An Interview with Adam Schwartz

The longtime educator's new story collection seeks to capture (and honor) the voices of Baltimore teens.

An Interview with Adam Schwartz

Adam Schwartz’s The Rest of the World recently won the Washington Writers’ Publishing House 2020 award for fiction. His eight-story collection chronicles the lives of Baltimore teens as they persevere while coping with hair-trigger violence, absent parents, and their own often conflicting impulses. Schwartz, who has taught in the Baltimore City public schools for more than 20 years, draws inspiration from his students’ resiliency, resourcefulness, and persistence.

The circumstances of your characters are almost unbelievably difficult, and their responses to them are often violent. Yet you have said these stories are an affirmation about Baltimore’s young people. In what sense is this so? 

Baltimore can be a violent city — especially for people living in struggling communities. I long ago ran out of enough fingers and toes to count all of the students I’ve known who have been murdered. Why has Baltimore been safe for me but unsafe for many students at my school? Why, at the end of the school day, do some kids have to put on their hard faces to get home, but I don’t? How does the threat of violence shape their views and the possibilities they see for themselves in the world?

I didn’t set out to write a book with characters scarred by violence, but perhaps these stories are, in part, an expression of the anger I feel at a nation that continues to betray the hopes of children. What kind of a country, year after year, puts kids through this?

In Between the World and Me, an epistle the author wrote to his son, Baltimore native Ta-Nehisi Coates offers a powerful, firsthand account of these pressures: “When I was about your age, each day, fully one-third of my brain was concerned with who I was walking to school with, our precise number, the manner of our walk, the number of times I smiled, who or what I smiled at, who offered a pound and who did not — all of which is to say that I practiced the culture of the streets, a culture concerned chiefly with securing the body.”

The mazy pressures Ta-Nehisi Coates navigated in the late 80s are the same ones many young men at my school still endure. But Baltimore isn’t just its problems. It’s also the people who rise above them. My hope is that the stories in my book are mostly about kids lifting each other up and resisting despair, finding solace in loved ones, holding on to their ideals, refusing to give up on themselves or loved ones, and striving to overcome the turmoil around them.

The adults in these stories are shadow figures, either too exhausted to exert any control over their teenagers or downright predatory. As a consequence, the teens take care of themselves and, frequently, younger siblings. Would you agree that this situation forces them to grow up too fast and robs them of the opportunity to consider the possibilities of the rest of the world?

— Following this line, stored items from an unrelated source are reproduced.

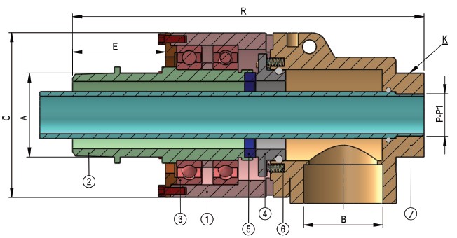 1. Upper Body 2. Rotary Pipe 3. Bearing 4. Stationary Ring 5. Rotary Ring 6. Spring 7. Lower Body
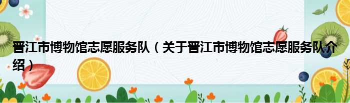 关于晋江市博物馆志愿服务队到此分享完毕,希望能帮助到您。
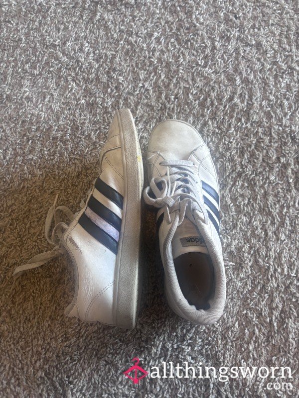 Very well worn white converse, size 10. Have had them for the past three years...
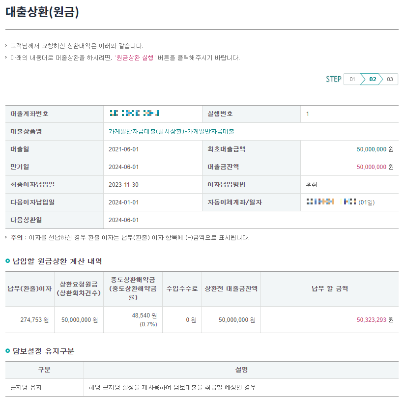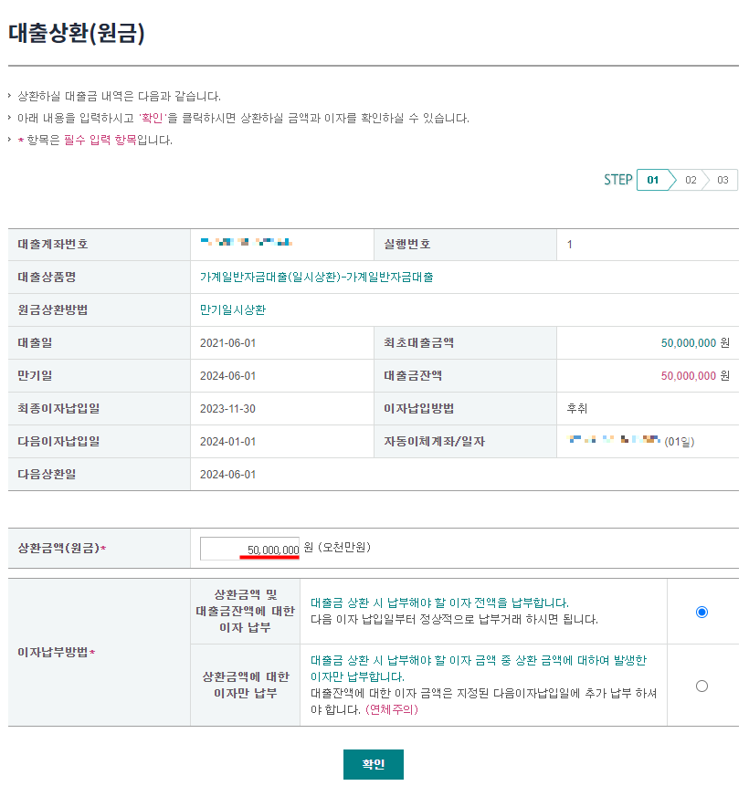 일부 상환이 아니라 모두 상환하는 것이기에 이자납부방법은 상환금액 및 대출금잔액에 대한 이자 납부를 선택해 이자까지 모조리 갚아버리기로 했습니다.

The problems of Baltimore’s struggling neighborhoods are the problems bred by entrenched, systemic inequities: redlined neighborhoods; disinvestment — public and private; the economic insecurity and isolation borne of few job opportunities and lousy public transportation; municipal neglect; and the policies of mass incarceration. The instabilities and hazards created by these injustices fall hardest on children. They’re the ones who have to figure this out — have to figure out how to navigate the still-unfolding fallout of our country’s abominable legacy of racial injustice.

Many Baltimore kids are growing up in loving homes with solid family supports. But Baltimore still lays a lot of obstacles at their feet. So the characters in my stories are coming of age in a city that tests their ideals, tests their resilience, tests their beliefs in their own possibilities. In this way, they are initiation stories in which characters undergo experiences that alter how they see themselves and the world around them.

Your dialogue is especially rich. Where does your ear for subtle conversation come from?

Thank you. The students’ stories — both the struggles and the triumphs — stick in my head, their voices stick in my ear, and the striving they do against steep challenges evokes my hopes for them. There are days where I’m almost involuntarily inhabiting some aspect of human experience I’ve been invited into.

“Carmen an Ant,” a story of yours about a shooting outside a school and young love, will be published in Raritan. Originally, the Tahoma Literary Review accepted it, but then a sensitivity reader found issues with its “insensitive characterizations and tinned-eared diction,” so you withdrew it. Cultural appropriation is an issue many writers and publishers are grappling with. Do you think the issue has some legitimacy, or do you think that we should be free to tell each other’s stories, regardless of race or background?

I think often about these tensions. And I do worry sometimes that I’ve trespassed by creating characters whose struggles cannot be disconnected from our country’s vile history of racial injustice — injustices I’ve never had to deal with. Artists who perpetuate stereotypes or exploit the traditions of a culture should be condemned. I hope my stories don’t do that. I hope my stories honor the strength, will, generosity, and disparate presentations of humanity so many Baltimore teens have shown me over the years. I hope race is but one strand in these characters’ identities. But, no, I don’t believe that artists should be made to confine the subjects of their work to people more or less like themselves, living in milieus more or less like their own.

Patricia Schultheis is the author of St. Bart’s Way, a collection of stories also set in Baltimore, and which won the Washington Writers’ Publishing House award for fiction in 2015.